Which is to say that, as a 26-year-old graduate student, just as a 12-year-old letter writer, Tom Wolfe was already recognizably himself. He’d also found a lens through which he might view, freshly, all human behavior. He’d gone to Yale with the thought he would study his country by reading its literature and history and economics. He wound up discovering sociology—and especially Max Weber’s writings about the power of status seeking. The lust for status, it seemed to him, explained why otherwise intelligent American writers lost their minds and competed with one another to see just how devoted to the Communist cause they could be. In a funny way, Yale served him extremely well: it gave him a chance to roam and read and bump into new ideas. But he didn’t immediately see that:
“These stupid fucks have turned down namely my dissertation, meaning I will have to stay here about a month longer to delete all the offensive passages and retype the sumitch. They called my brilliant manuscript ‘journalistic’ and ‘reactionary,’ which means I must go through with a blue pencil and strike out all the laughs and anti-Red passages and slip in a little liberal merde, so to speak, just to sweeten it. I’ll discuss with you how stupid all these stupid fucks are when I see you.” [T.W., aged 26, letter to a friend, June 9, 1956.]
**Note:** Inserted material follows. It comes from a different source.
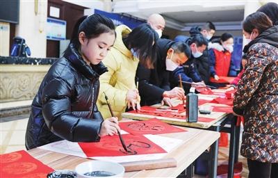 1月13日,小店区恒大绿洲社区举办写春联送祝福活动。广大居民在红纸上挥毫泼墨,洋溢着欢乐喜庆的节日氛围。 阴钰奇 摄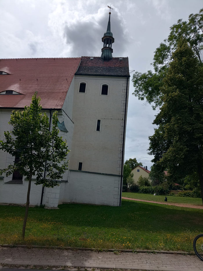 Schließlich machten wir am Samstag die Landkreisumrundung perfekt, als wir über Sornzig und Schrebitz bis nach Jahna mit seinem schiefen Kirchturm gefahren sind und von dort aus den herrlichen Jahnatalradweg erleben konnten. Ein toller Radweg! Dann ging es noch einmal bergan nach Lüttewitz und Wetterwitz, ehe wir über Gleisberg und Marbach wieder am Gebetshaus in Pappendorf ankamen. Noch einmal waren es 58 km.

He re-writes his thesis. He lards it up with academic jargon and creates a phony emotional distance from his material (he refers to “an American writer E. Hemingway”), and it is accepted. Then he flees Yale as fast as he can.
And so the Austrian school student, thinks anti-Keynesian, anti-Krugman, anti-Piketty and anti-econometrics but splatters on paper silly equations to get the nod of the establishment. But will the Austrian school student emerge anti-establishment à la Wolfe once that final paper is handed in, or continue to cower to the establishment like a second-rate hack?

-Robert Wenzel  

1 comment:

  1. The reason that students of Austrian School Economics do not get any respect at establishment universities is because the idea that value, the foundation of economics, is subjective, individually imputed, and context-dependent, not objective, collective, and context-invariant, completely trashes the idea of expert planners, world-saver-activists, messianic bureaucracies, greedy political cronies, and grandiose politicians. Austrian Economics threatens the cowardice of collectivists, mystics, and irrationality fanciers everywhere and "ruins the game" for them. It would end the great confederacy of dunces. If it ever caught on, it would make a ruin of "establishment universities," because these kinds of cons, grifts, and bamboozlement mythologies are the entire stock in trade for these institutions.